我们先介绍一些基本的符号。一般来说,强化学习考虑一个MDP $\mathcal{M}=(\mathcal{S},\mathcal{A},\mathcal{P}, \mathcal{R},\gamma,\rho_0)$和策略$\pi$,这里$\mathcal{S}$和$\mathcal{A}$分别表示状态和动作空间,$\mathcal{P}$和$\mathcal{R}$分别表示转移函数和奖励函数,$\gamma$表示长时回报的折扣,$\rho_0$表示状态的初始分布。我们可以定义$\mathcal{M}$和$\pi$下的累计折扣状态分布:
$$
\begin{equation}
d_{\mathcal{M}}^{\pi}(s) = (1-\gamma)\sum_{t=0}^{\infty} \gamma^t \mathcal{P}(s_t=s|\pi,\mathcal{M}).
\end{equation}
$$
我们有如下引理
引理:对于任意$\mathcal{S}$上的函数$f,g$,如果他们满足
$$
\begin{equation}
\label{eq_bell}
f(s) = g(s) + \gamma\int \pi(a|s)\mathcal{P}(s'|s,a) f(s') dads',
\end{equation}
$$
那么我们有
$$
\begin{equation}
\label{eq_result}
\mathbb{E}_{s\sim\rho_0} \left[f(s)\right] = \frac{1}{1-\gamma}\mathbb{E}_{s\sim d_{\mathcal{M}}^{\pi}} \left[g(s)\right].
\end{equation}
$$
为了便于阅读,我们先看看这个引理的具体应用,然后再给出这个引理的证明(第5小节)。
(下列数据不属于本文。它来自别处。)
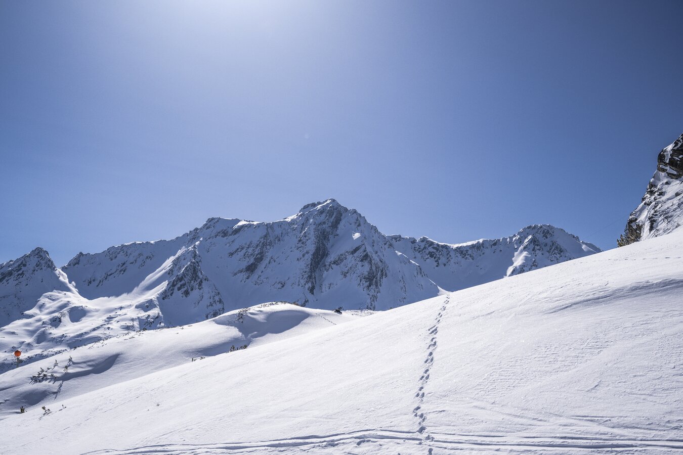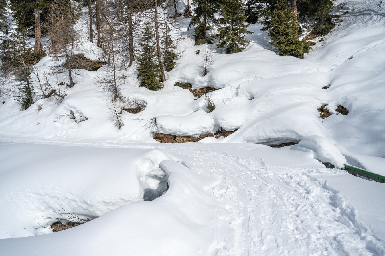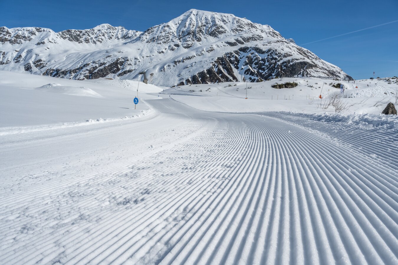 Dieser Weg dient auch als Skipiste, die insbesondere am späteren Nachmittag befahren wird (Talabfahrt nach Samnaun-Compatsch).

乍一看,这个引理的条件有点复杂,但是熟悉强化学习的同学就会发现这个条件和Bellman Equation非常像,例如,值函数$V_{\pi,\mathcal{M}}$和奖励函数$\mathcal{R}$就自然满足这个条件:
$$
\begin{equation}
\underbrace{V_{\pi,\mathcal{M}}(s)}_{f(s)} = \underbrace{\mathbb{E}_{a\sim\pi(\cdot|s)} [\mathcal{R}(s,a)]}_{g(s)} + \gamma\int \pi(a|s)\mathcal{P}(s'|s,a) \underbrace{V_{\pi,\mathcal{M}}(s')}_{f(s')} dads'.
\end{equation}
$$
那么基于这个引理,我们就可以得到这个引理的第一个推论:
$$
\begin{equation}
\begin{split}
J_{\mathcal{M}}(\pi) \triangleq & \mathbb{E}_{s\sim\rho_0} \left[V_{\pi,\mathcal{M}}(s)\right] = \mathbb{E}_{s\sim\rho_0} \left[f(s)\right] \\
= & \frac{1}{1-\gamma}\mathbb{E}_{s\sim d_{\mathcal{M}}^{\pi}} \left[g(s)\right] = \frac{1}{1-\gamma}\mathbb{E}_{s\sim d_{\mathcal{M}}^{\pi}} \mathbb{E}_{a\sim\pi(\cdot|s)} [\mathcal{R}(s,a)].
\end{split}
\end{equation}
$$
这个结论其实非常平凡,事实上用$V_{\pi,\mathcal{M}}$和$d_{\mathcal{M}}^{\pi}$的定义就可以证明。那么接下来我们看一下这个引理的一些更有趣的推论。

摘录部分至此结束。